• _WHAT YOU NEED TO DO_:
All lines below must be repeated exactly, with the pictures omitted.

• _DATASET CONTENT_:

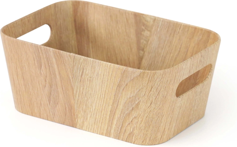 Praktičan i stilski spremnik/koš u prirodnoj boji drveta savršeno se uklapa u svako kućanstvo. Nudi kompaktne dimenzije 26 × 18 × 11 cm, lagan je i izdržljiv zahvaljujući kombinaciji papira i kartona. Idealan za organizaciju sitnica u kupaonici, spavaćoj sobi, dječjoj sobi i radnom prostoru.
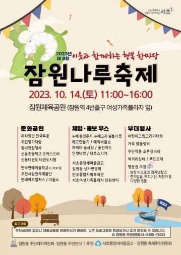 이번 축제는 서초구와 잠원동주민자치위원회(위원장 신영희)에서 주관한다.
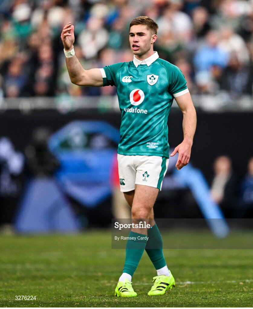 1 November 2025; Jack Crowley of Ireland during the Gallagher Cup match between Ireland and New Zealand at Soldier Field in Chicago, USA. Photo by Ramsey Cardy/Sportsfile

• _REPLY TO THE EXERCISE_:
 Praktičan i stilski spremnik/koš u prirodnoj boji drveta savršeno se uklapa u svako kućanstvo. Nudi kompaktne dimenzije 26 × 18 × 11 cm, lagan je i izdržljiv zahvaljujući kombinaciji papira i kartona. Idealan za organizaciju sitnica u kupaonici, spavaćoj sobi, dječjoj sobi i radnom prostoru.
 이번 축제는 서초구와 잠원동주민자치위원회(위원장 신영희)에서 주관한다.
 1 November 2025; Jack Crowley of Ireland during the Gallagher Cup match between Ireland and New Zealand at Soldier Field in Chicago, USA. Photo by Ramsey Cardy/Sportsfile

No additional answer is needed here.